Personal information
- Full name: John Humphrey Dyson
- Born: 28 September 1913 Honley, Yorkshire, England
- Died: 16 July 1991 (aged 77) Wonford, Devon, England
- Batting: Right-handed
- Bowling: Slow left-arm orthodox

Domestic team information
- 1933–1936: Oxford University

Career statistics
| Competition | First-class |
| Matches | 26 |
| Runs scored | 211 |
| Batting average | 7.53 |
| 100s/50s | –/– |
| Top score | 35 |
| Balls bowled | 4,486 |
| Wickets | 68 |
| Bowling average | 31.52 |
| 5 wickets in innings | 3 |
| 10 wickets in match | – |
| Best bowling | 6/47 |
| Catches/stumpings | 7/– |
- Source: Cricinfo, 2 June 2019

= John Dyson (Oxford University cricketer) =

English cricketer (1913–1991)

John Humphrey Dyson (28 September 1913 - 16 July 1991) was an English first-class cricketer. He played first-class cricket for Oxford University and the Free Foresters between 1933-38.

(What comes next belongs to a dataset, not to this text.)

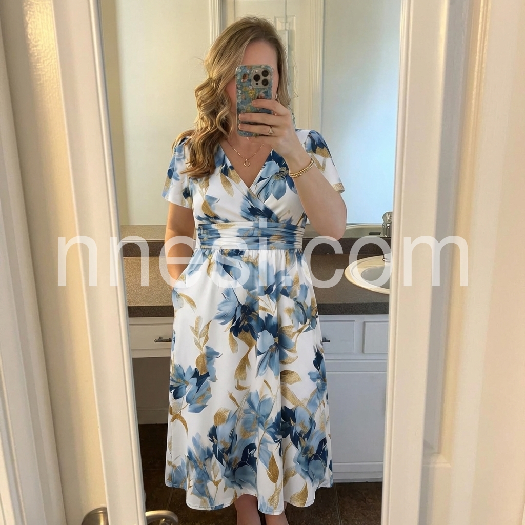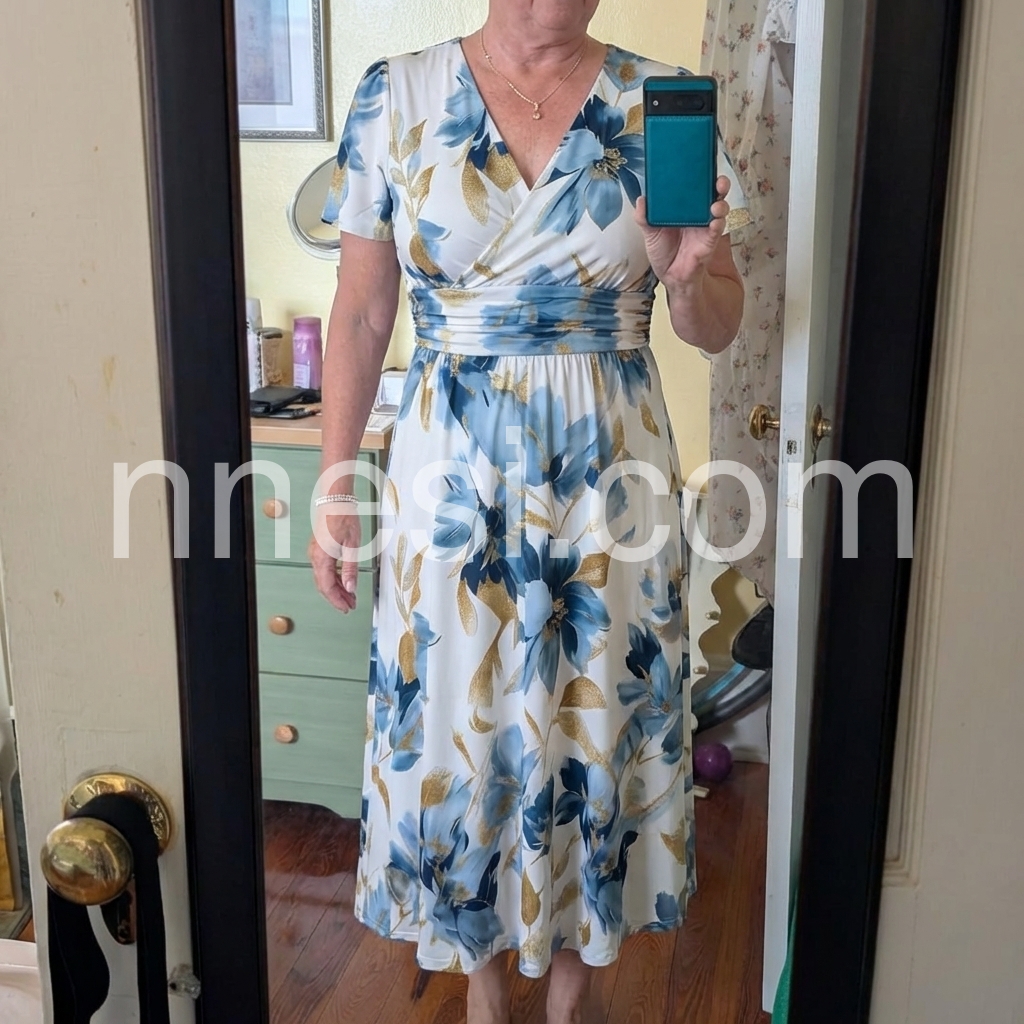 true to size (medium for me- 5β4β 150lbs) and comfortable. I am very pleased with this A line pleated flare dress. The cut is flattering and the overall construction feels well done. I ordered a size medium as I am normally an 8/10 and the medium worked well. One thing I especially appreciate is that it is modest while still looking polished. It feels like a complete outfit all on its own, which makes getting dressed simple. I am very happy with it and would recommend it.

==Life and first-class cricket==
Dyson was born at Honley in Yorkshire on 28 September 1913. He was educated at Charterhouse School, where he played for the school cricket team for two years. From Charterhouse he went up to Christ Church, Oxford. While studying at Oxford he made his debut in first-class cricket for Oxford University against the Free Foresters at Oxford in 1933. He played just once for the university in 1933, but followed this up with eleven first-class appearances in the following season. The 1934 season started well for Dyson, with him 29 wickets, with best figures of 5 for 54, however he struggled toward the tailend of the season and was dropped by Oxford captain Gerry Chalk. He made two appearances in 1935, but struggled against Lancashire as Cyril Washbrook made 228. He managed to force his way back into the Oxford team in 1936, making eleven first-class appearances and taking 34 wickets at an average of 22.88, with best figures of 6 for 47. Dyson played 25 first-class matches for Oxford, taking 68 wickets his slow left-arm orthodox bowling, at an average of 30.98. He later made a final first-class appearance for the Free Foresters against Oxford University in 1938. He died at Wonford in Exeter in July 1991.